Peace, comfort and healing to you Missi, and the rest of your family. I can not imagine your pain, I can only hope that you find some comfort in the amazing memory of your brother. Peace and comfort! D

   
Posted Date: 25 March 2009     

Missi

Missed far more than you can imagine. Still feel more off balance than I am comfortable with....but focusing on channeling the positive - that'll just have to do for now.

Two of your pals showed their face today. Cant help but blame you for that bit of kindness Dave :)

Stay on my shoulder Dave - still need for a while yet.

   
Posted Date: 19 March 2009     

Susan

First off, I'm truly sorry for the loss of David. The tribute video I'm sure is only the tip of the iceberg on the person he was.

My husband was dx with Oligodendroglioma grade III anaplastic on 3/11/03. He was 34 1/2 years old. The statements here about Temodar surprised me. I believe he is alive today because of the Temodar and Radiation. We have seen other's being dx with Grade II and not having aggressive tx and they have passed. The recurrance came about 2 yrs after the dx.

Today he no longer works, he worked up until 11/07, he does have neurological symptoms of memory loss, word finding difficulty and word substitution. That's partly related to the resection and the radiation. We have learned how to adapt, that's all you can do.

I trust that we will one day find a cure.

   
Posted Date: 19 March 2009     

Barb Passeno

I want to express my heartfelt sympathies on the loss of David.

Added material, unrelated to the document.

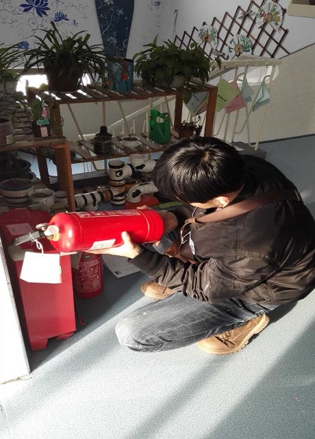 一、消防设施方面。3月2日上午,安全小组成员对全园的灭火器逐层逐个进行了仔细的检查。重点检查灭火器的生产日期、维修日期,看是否在保质期内;压力表的指针是否指在绿区(绿区为设计工作压力值);筒体、连接部位、筒底有无严重变形、锈蚀;压力表的外表面、灭火器的压把、阀体、喷嘴等金属件有无严重损伤、变形、锈蚀,影响使用。

I just lost my husband to a GBM on Tuesday, March 10, 2009.

He was diagnosed on Jan 20, 2009. The dr told us we could expect years: She would keep him going from year to year. We had 8 weeks.

They removed 80-85% during surgery and he was doing Temodar and radiation. They say he was having a bad reaction to the Dilantin he was on for seizures and I ended up taking him to the ER that morning where his heart stopped in the ER and they were unable to bring him back.

I am so sorry for your loss.
Barb

   
Posted Date: 16 March 2009     

Kathy

The full text article being discussed about the stem cells is here:

PTEN/PI3K/Akt Pathway Regulates the Side Population Phenotype and ABCG2 Activity in Glioma Tumor Stem-like Cells

http://cell.com/cell-stem-cell/fulltext/S1934-5909(09)00010-1

Then there's this article from last July:

Temozolomide Preferentially Depletes Cancer Stem Cells in Glioblastoma

http://cancerres.aacrjournals.org/cgi/content/abstract/68/14/5706

It's complicated, the Cell Stem Cell article is just one more piece of the puzzle.

My 3-year old niece was dying of her brainstem tumor in 1995, radiation knocked the tumor back but then it started growing again, they tried one chemotherapy drug after another but nothing was working. Until she entered a phase I trial of temozolomide. It bought her 9 good months AND it was oral, not IV AND it didn't make her neutropenic.

Nothing would have saved her in the long run. This study is NOT a cause for alarm, just another piece.

I came here to express how much I miss David and I'm kind of sorry to see his messages have turned into some sort of debate.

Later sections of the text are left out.